Understanding Air Separation Units and Their Applications

When discussing air separation units (ASUs), it is essential to distinguish between the diverse applications in the field. This article explores the principles behind ASUs, particularly those in the context of hydronic systems and industrial processes. We will delve into the methods of separating various gases from liquid air and explore the fundamental concepts behind ASUs in different settings.

Introduction to Air Separation Units

Generally, an air separation unit refers to a device used to separate the various components of air, such as nitrogen and oxygen. However, in the context of hydronic systems, an ASU can be referred to as a method for removing entrained air from water-based heat transfer systems. This process is crucial for maintaining the efficiency and longevity of the system. In this article, we will clarify the distinction and explore how these units function in practical applications.

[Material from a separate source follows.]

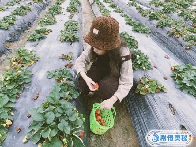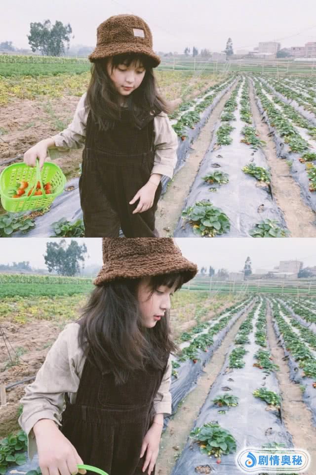照片中9岁的刘楚恬长发披肩,头戴灰色小帽子,身穿浅灰色打底衫搭配深灰背带裤,一身装扮也是十分洋气。一手拎着一个绿色小篮子,蹲在一片草莓地中摘草莓的刘楚恬也是十分认真。

The Basics of Air Separation in Hydronic Systems

Hydronic systems, or water-based heat transfer systems, are utilized in various industrial and residential applications. These systems require the removal of air to ensure optimal performance. There are three principal types of ASUs used in hydronic systems, each designed to address specific needs and challenges.

The Air Scoop ASU

The air scoop ASU is the oldest type. It operates by creating a drop in velocity as the water enters a chamber that is larger than the pipe. This design, combined with the fact that the water entering the system is the hottest and at the lowest pressure, facilitates the release of entrained air from the solution. The released air is then vented away, ensuring that the system remains free of air bubbles.

The Centrifugal ASU

The centrifugal ASU works by having water enter near the top of a vertical cylinder tangentially and exiting the same side near the bottom in a swirling motion. This swirling flow generates a low-pressure vortex in the center of the cylinder. The low pressure effectively pulls air out of solution and allows it to rise to the surface, where it can be vented away. This method is effective in removing entrained air and improving the system's efficiency.

The Microbubble Resorber ASU

The most effective ASU in hydronic systems is the microbubble resorber. This unit features a high-surface area matrix, such as a wire-bristle brush or small rings known as Pall Rings. The high surface area provides a surface for entrained air to coalesce and come out of solution, facilitating efficient air removal. This method ensures minimal air entrainment, leading to better system performance and longer operational life.

The Process of Separating Cryogenic Gases

Another application of air separation units is the separation of cryogenic gases, where the differential evaporation rates of gases play a crucial role. In this process, liquid air is cooled to extremely low temperatures, and as the air is heated, the gases with different boiling points evaporate at different rates. Nitrogen, for instance, evaporates at a lower temperature than oxygen, allowing for its separation from the liquid air.

This method involves the following steps:

First, air is compressed and cooled to form liquid air. Then, the liquid air is heated gradually, causing the gases to evaporate at different rates. Finally, the separated gases are collected and stored or used for various applications.

This process is widely used in industrial applications such as the production of oxygen, nitrogen, and other industrial gases.

Conclusion

Understanding the function and applications of air separation units is crucial for maintaining and optimizing the performance of hydronic systems and industrial processes. The three types of ASUs discussed here—air scoop, centrifugal, and microbubble resorber—each have their unique methods of removing entrained air, ensuring the system operates efficiently.

Whether you are involved in the design, operation, or maintenance of a hydronic system, or working with cryogenic gas separation, knowledge of ASUs can be invaluable. By selecting and employing the appropriate ASU, you can ensure that your system remains free of air entrainment, leading to improved performance and longevity.